We will see in today’s post that it is possible to speed things up quite a bit using Intel’s OpenVINO toolkit with OpenCV. We will cover the following topics.
- Training versus Inference
- Introduction to OpenVINO Toolkit
- Deep Learning using OpenVINO
- OpenVINO Toolkit Installation for Linux
- Image Classification using OpenCV with OpenVINO IE
- Performance Comparison of OpenCV and OpenCV with IE
1. Training versus Inference
Before we proceed with this post, we want to make it clear that this post is about speeding up inference and not training. Let’s understand the difference
- Training : Think of the Deep Neural Network as a black box with many knobs (parameters). When the knob settings are right, the neural network gives the correct answer to the problem it is trying to solve with a high probability. Training is the process of feeding the network with millions of training data points so that it systematically adjusts the knobs close to the correct values. This process is computationally intensive because the data is passed through the network millions of times and it is almost always performed on a GPU. Currently, OpenCV does not provide any way to train a DNN. However, you can train a DNN model using frameworks like Tensorflow, MxNet, Caffe etc, and import it into OpenCV for your application.
- Inference: Once the network is trained, it is ready to take new unseen data as input and provide an answer it was trained to output. This process of using a trained neural network and quickly coming up with an answer is called inference. A naive inference engine will simply pass the input data through the network and output the result. However, there are a lot of optimizations that can be performed that make the inference speed fast. For example, an efficient inference engine would provide tools for pruning part of the neural network that isn’t activated and fusing multiple layers into a single computational step. If the hardware supports 16-bit floating point operations (which is usually 2x faster than 32-bit floating point operations), an inference engine may utilize this fast to speed up processing by 2x with little or no loss in accuracy. This process of using a fewer number of bits to represent model parameters is called quantization.
2. Introduction to OpenVINO Toolkit
OpenVINO stands for Open Visual Inferencing and Neural Network Optimization.
As the name suggests, OpenVINO is specifically designed to speed up networks used in visual inferencing tasks like image classification and object detection. Almost all DNNs used for solving visual tasks these days are Convolutional Neural Networks (CNN). OpenVINO speeds up computation by first optimizing the neural network model in a hardware agnostic way using a model optimizer followed by hardware-specific acceleration accomplished using the OpenVINO Inference Engine for the particular hardware.
2.1 Why OpenVINO?
If you are new to AI and are not aware of the AI landscape, you will find this section entertaining. When we think of AI, we usually think about companies like Google, Facebook, Amazon, IBM, Baidu etc. Well, they are indeed leading the way in algorithms but AI is computationally expensive during training as well as inference. Therefore, it is equally important to understand the role of hardware companies in the rise of AI.

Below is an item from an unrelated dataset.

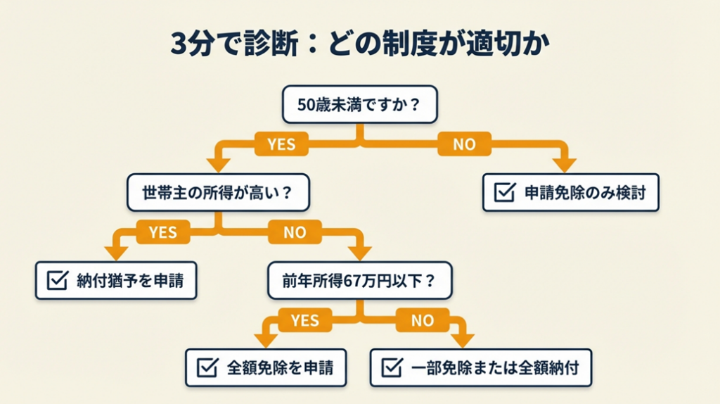 「免除が有利」と分かっても、自分の状況ではどれを選ぶべきか迷う方も多いはずです。以下の診断で目安を確認してください。
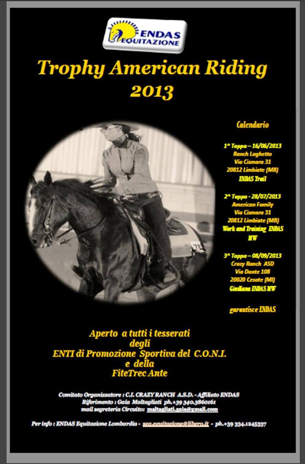 Ideato e sviluppato dal Settore Formazione di ENDAS Equitazione e fortemente voluto dal Neo Responsabile del Settore di Equitazione Americana anche quest’anno si è puntato sul Circuito “TROPHY AMERICAN RIDING” ma con una formula rinnovata come richiesto dagli addetti ai lavori.

Convolutional Neural Networks (CNN) are usually trained on a GPU. NVIDIA provides the best GPUs as well as the best software support using CUDA and cuDNN for Deep Learning. NVIDIA pretty much owns the market for Deep Learning when it comes to training a neural network.
However, GPUs are expensive and not always necessary for inference. In fact, most of the inference in the world is done on CPUs! For example, Dropbox uses its CPU farm for performing OCR on documents.
GPUs are prohibitively expensive when you want to bring your deep learning model to inexpensive devices. For example, you cannot afford a GPU that costs a few hundred dollars to make a surveillance camera. These small devices, like a surveillance camera or a Raspberry PI, are often called edge devices or IoT devices.
In the inference space, Intel is a big player. In addition to the CPUs, it manufactures Vision Processing Units (VPUs), integrated GPUs, and FPGAs — all of which can be used for inference.
Intel understands that while a variety of options is great, it is also a nightmare for AI developers who now have to understand the nitty-gritty of each platform. Fortunately, with OpenVINO, Intel has abstracted away this difficulty and provided a unified framework for AI development.
OpenVINO enables CNN-based deep learning inference on the edge, supports heterogeneous execution across computer vision accelerators, speeds time to market via a library of functions and pre-optimized kernels and includes optimized calls for OpenCV and OpenVX.
2.2 Computer Vision Pipeline with OpenVINO
The basic Computer Vision Pipeline with OpenVINO is shown below.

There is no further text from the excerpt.